▶ [WHAT YOU ARE ASKED TO DO] The material below has pictures in it. Set down only the lines from the line containing "- Feststehender, transparenter" through the line containing "- Phòng ngủ 4 có diện tích 13.82 m2", word for word, and leave the pictures behind.

▶ [RECORDS SHOWN]
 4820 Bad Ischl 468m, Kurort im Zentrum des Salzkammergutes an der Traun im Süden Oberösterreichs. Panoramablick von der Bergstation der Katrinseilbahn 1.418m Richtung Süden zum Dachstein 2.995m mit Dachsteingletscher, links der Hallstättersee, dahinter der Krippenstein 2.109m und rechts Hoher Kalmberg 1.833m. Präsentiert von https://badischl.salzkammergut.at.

* * *

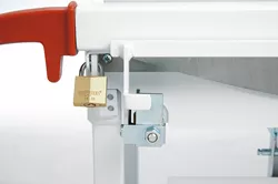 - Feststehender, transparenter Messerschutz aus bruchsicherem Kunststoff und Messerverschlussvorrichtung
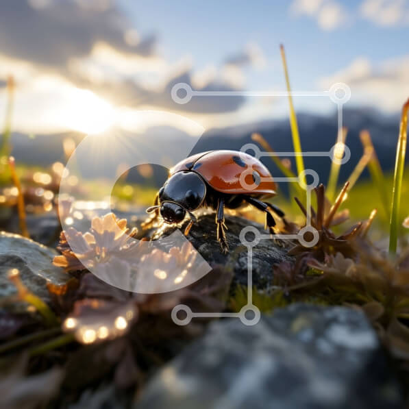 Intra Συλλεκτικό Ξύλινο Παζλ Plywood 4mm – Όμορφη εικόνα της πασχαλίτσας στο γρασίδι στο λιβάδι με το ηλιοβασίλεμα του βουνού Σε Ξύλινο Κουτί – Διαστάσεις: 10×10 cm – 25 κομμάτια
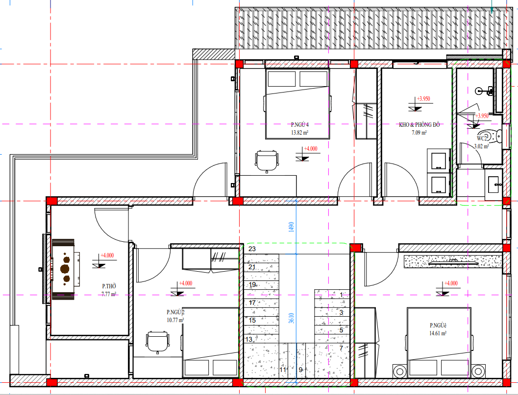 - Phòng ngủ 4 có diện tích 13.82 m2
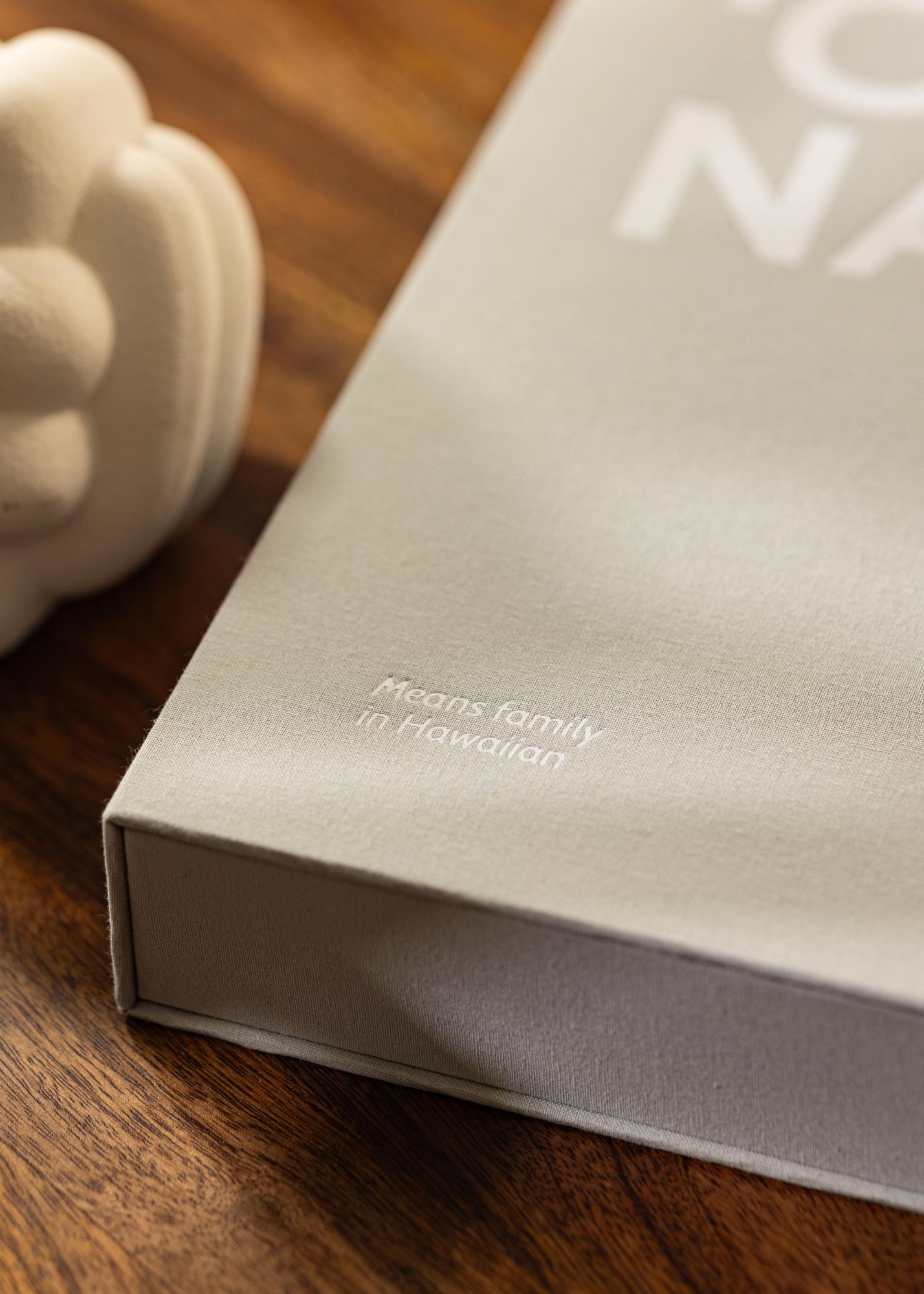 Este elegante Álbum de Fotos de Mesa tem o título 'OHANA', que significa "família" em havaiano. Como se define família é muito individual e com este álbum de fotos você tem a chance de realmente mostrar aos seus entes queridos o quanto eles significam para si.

▶ [ANSWER FOR THIS EXERCISE]
 - Feststehender, transparenter Messerschutz aus bruchsicherem Kunststoff und Messerverschlussvorrichtung
 Intra Συλλεκτικό Ξύλινο Παζλ Plywood 4mm – Όμορφη εικόνα της πασχαλίτσας στο γρασίδι στο λιβάδι με το ηλιοβασίλεμα του βουνού Σε Ξύλινο Κουτί – Διαστάσεις: 10×10 cm – 25 κομμάτια
 - Phòng ngủ 4 có diện tích 13.82 m2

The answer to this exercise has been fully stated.